Yo fui tu papalote…

Ciudad de México /

“Febrero loco, marzo otro poco”, decía la mamá y ellos sabían entonces que pasarían el resto de la tarde, después de asistir a la escuela, encerrados, pues los ventarrones levantaban intensas polvaredas que enceguecian a los escasos transeúntes que se atrevían a transitar por las calles sin pavimento.

Eran días de radio, porque tele todavía no. Tres Patines (La tremenda corte), Kalimán; Corona de lágrimas; Talidomida, la droga maldita: fármaco “utilizado como sedante y como calmante de las náuseas durante los tres primeros meses de embarazo, que provocó miles de casos de malformaciones congénitas”, según la Wiki…

El polvo acumulado a la entrada impedía la apertura de la puerta; sin embargo, nada que impidiera el permiso para salir a volar papalotes en el llano, elaborados sobre una plana del diario La prensa y su estructura hecha con varitas de carrizo, generoso vegetal que brindaba cañas huecas para solaz y esparcimiento de la chiquillada.

La cola que permitía al cometa un vuelo balanceado y uniforme, la elaboraban con tiras de tiliches proporcionados por la mamá.
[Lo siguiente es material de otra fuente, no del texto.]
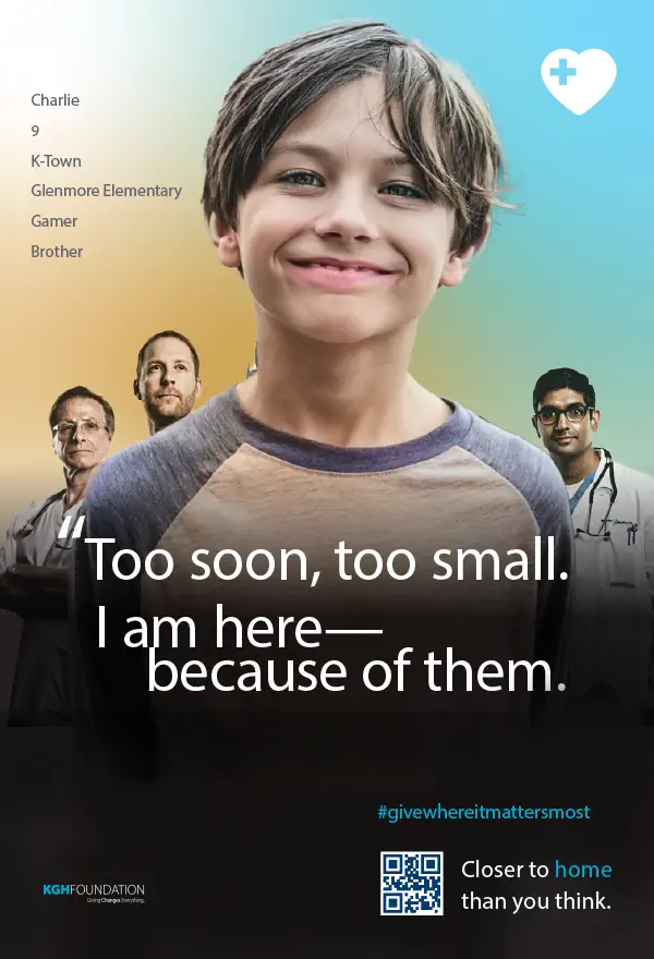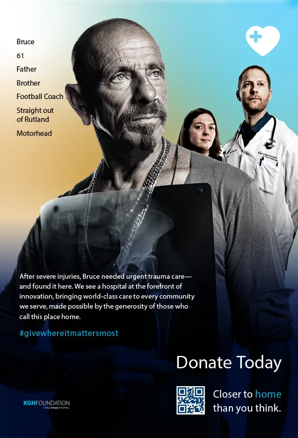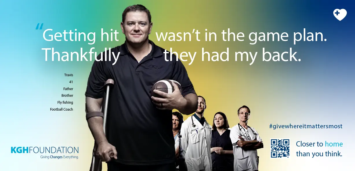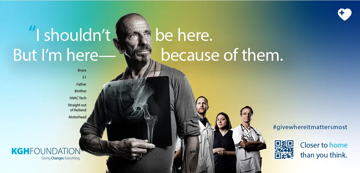 The result is a bold, emotionally direct campaign that positions the Emergency Department as immediate, essential, and rooted in this community. By combining powerful first-person storytelling with unmistakable local identifiers, the creative reframes emergency care as something delivered here — by clinicians and physicians whose expertise rivals major centres — not somewhere else. The work moves beyond conventional foundation messaging, grounding the campaign in recognition, proximity, and lived experience. Enthusiastically approved by the KGH Foundation, the platform establishes an original and strategically sound campaign architecture — one designed to sustain momentum, support multi-phase rollout, and evolve for years to come.

El llano era una inmensidad que al ser lotificado por tranzas fraccionadores se convertiría en el municipio 120 del Edomex.

Para la chiquillada era el paraíso, pues se podía corretear hasta que el papalote se colgara al cielo y volara tan alto como se lo permitiera el cordel obsequiado por la mamá, extraído de su costurero.

–Nomás no se vayan tan lejos, porque ya verán ahora que llegue su papá: los acuso para que les acomode una buena friega –advertía.

La chiquillada correteaba sin riesgo alguno, pues escasos vehículos circulaban por aquel entonces sobre aquellos terrenos que fueron lecho del lago. Del botiquín hurtaban hojas de afeitar del padre, para atarlas a la cola del papalote y tratar de derribar al que más próximo sobrevolara.

En ocasiones la mamá se ponía espléndida y preparaba una jarra de agua de limón, alrededor de la cual se congregaban por unos instantes los sedientos escuincles, y enseguida volvían a su entretenimiento.

Cuando el sol comenzaba a ocultarse en el horizonte, los gritos de las mamás convocaban a merendar: un jarro de atole de avena y un plan blanco endurecido para ablandar remojándolo en la bebida de cereal.

Había que estar a las vivas luego de un derribo, pues el dueño del papalote y sus compinches podían llegar y buscar pleito, dolidos por la afrenta.

En la maraña de cables conductores de electricidad hacia el caserío, era frecuente ver los papalotes enredados; ahí permanecían hasta que el sol, el viento y ocasionales lloviznas terminaban con ellos.

Iluminados por la luz de un quinqué alimentado por petróleo, los chiquillos merendaban y se dolían o celebraban que su papalote hubiese sobrevivido a los ataques. Al otro día volvería a elevarse, si es que la buena conducta permitía a sus dueños vaguear luego de colaborar en los quehaceres domésticos, las tareas escolares y la cena de la alfalfa para los conejos que la mamá criaba para, cuando cumplieran la edad debida, cocinarlos en adobo o fritos simplemente con ajo y cebolla.

–Y se apuran a cenar, se lavan la bocota y se acuestan temprano: mañana no van a querer levantarse, vagos éstos.